Collected data:
______

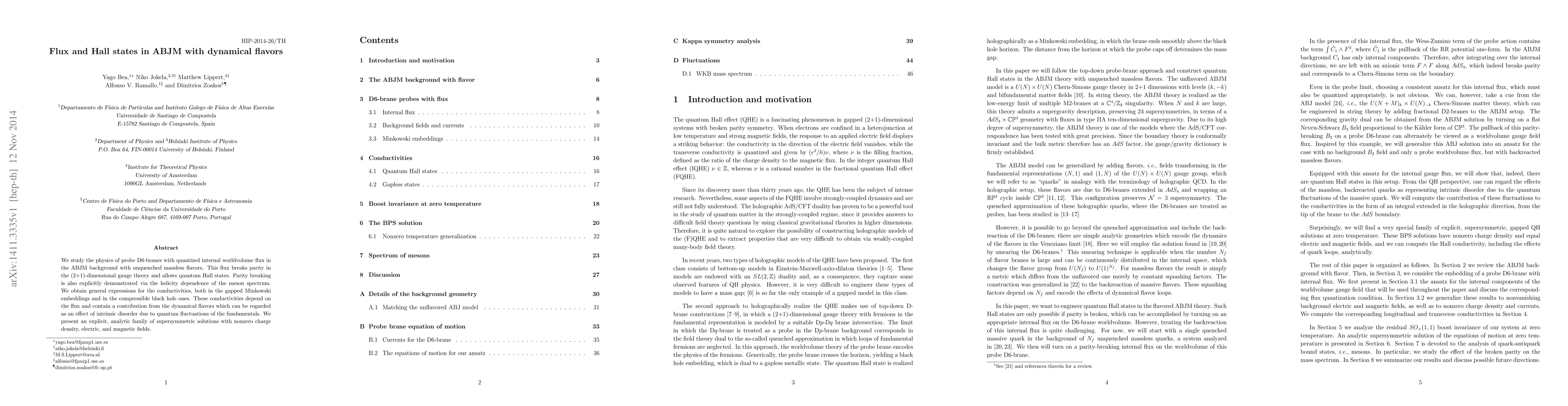 We study the physics of probe D6-branes with quantized internal worldvolume flux in the ABJM background with unquenched massless flavors. This flux breaks parity in the (2+1)-dimensional gauge theory and allows quantum Hall states. Parity breaking is also explicitly demonstrated via the helicity dependence of the meson spectrum. We obtain general expressions for the conductivities, both in the gapped Minkowski embeddings and in the compressible black hole ones. These conductivities depend on the flux and contain a contribution from the dynamical flavors which can be regarded as an effect of intrinsic disorder due to quantum fluctuations of the fundamentals. We present an explicit, analytic family of supersymmetric solutions with nonzero charge density, electric, and magnetic fields.
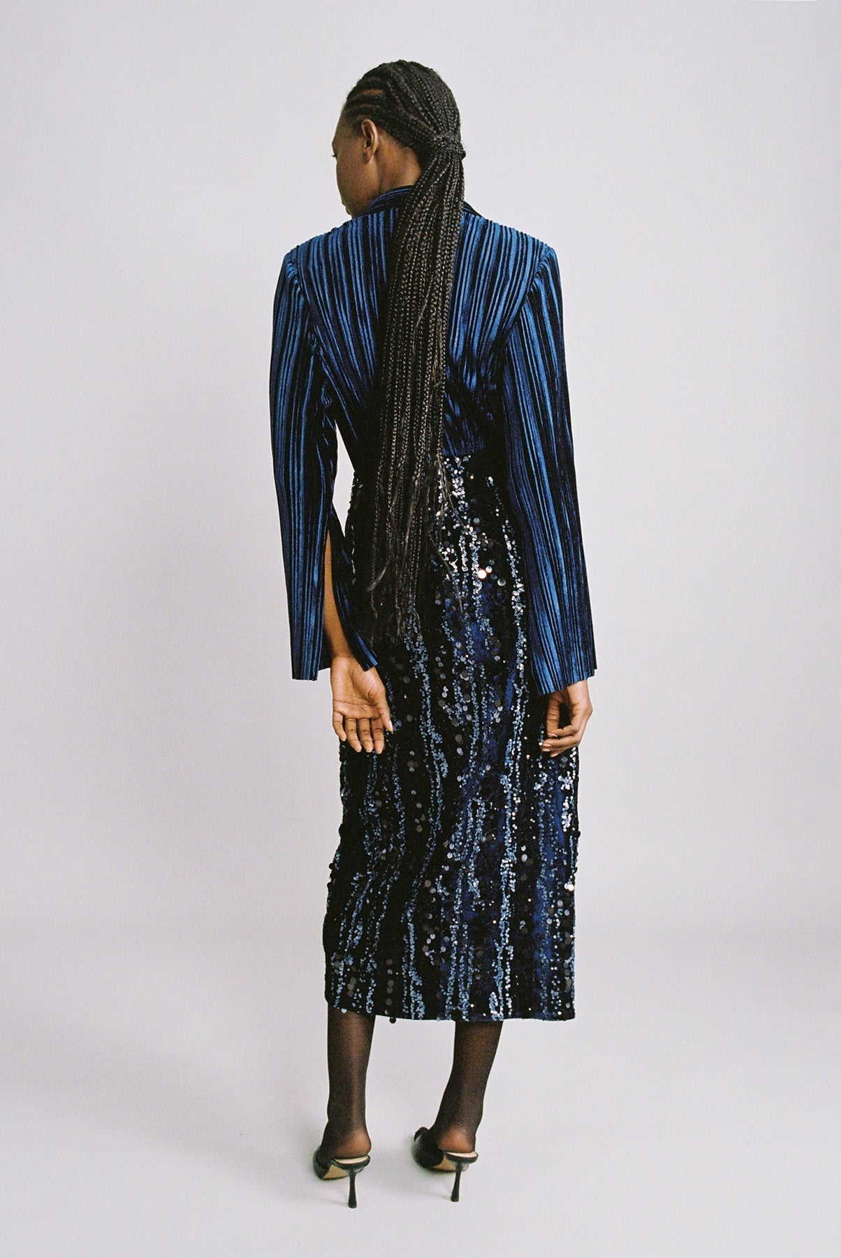 Stripe sequins on velvet pencil skirt with gathering details, front slit, and invisible zipper at the back.
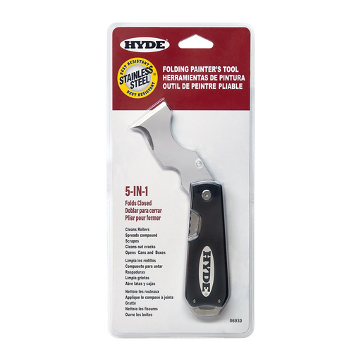 HydeThe rust resistant folding 5-in-1 stainless steel painter's tool gets more done without taking up more space. Clean rollers, spread compound, scrap...

______

Your instructions: Every line from the top of the material above through the line with "Stripe sequins on" should be duplicated exactly, please; leave out the pictures.

Task output:
 We study the physics of probe D6-branes with quantized internal worldvolume flux in the ABJM background with unquenched massless flavors. This flux breaks parity in the (2+1)-dimensional gauge theory and allows quantum Hall states. Parity breaking is also explicitly demonstrated via the helicity dependence of the meson spectrum. We obtain general expressions for the conductivities, both in the gapped Minkowski embeddings and in the compressible black hole ones. These conductivities depend on the flux and contain a contribution from the dynamical flavors which can be regarded as an effect of intrinsic disorder due to quantum fluctuations of the fundamentals. We present an explicit, analytic family of supersymmetric solutions with nonzero charge density, electric, and magnetic fields.
 Stripe sequins on velvet pencil skirt with gathering details, front slit, and invisible zipper at the back.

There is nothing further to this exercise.